In 1622 Carew’s first poem was published. It was verses prefixed to Thomas May’s comedy “The Heir”. He was greatly influenced by Dr. John Donne and Italian poet Giambattista Marino. His society verses such as “A Divine Mistress” and “Disdain Returned” claimed the prize for the outstanding use of wit. He was not a prolific writer, but whatever he composed it was of great value and he cared a lot in shaping each piece of art of work. His one of the best comedies “Coelum Britannicum” was performed in front of king that was full of jokes and allusions.

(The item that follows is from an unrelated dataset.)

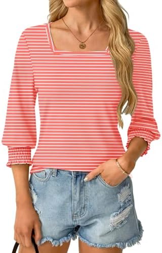 Square Neck Women Tops: flattering square neck with showcases your collarbone and complements necklaces. Solid/ Floral Print shirts great for vacation, office, home, daily wear, outgoing, street and more occasions

Most of Carew‘s poetry dealt with sexuality irrespective of his age and the norms of his era. In fact, he is a libertine who was freethinking in religious matters and took no notice in moral values. Despite being a libertine, he translated nine psalms and dedicated one finest elegy of the period; ‘An Elegy on the death of Dean of St. Paul’s Dr. John Donne’ to Donne. It is all about the great contribution made by Dr. Donne to the English literature. He is best known for his amorous lyrics and courtly poems such as ‘Ask me no more where Jove bestows’ and ‘He that loves a Rosy Cheeks’. His one of erotic poems is “A Rapture”.
He never got recognition and fame like that of John Donne and Ben Johnson but he was one of the finest and elegant writer of that period who had own style in the cavalier school of poetry. His collection of poetry was published posthumously.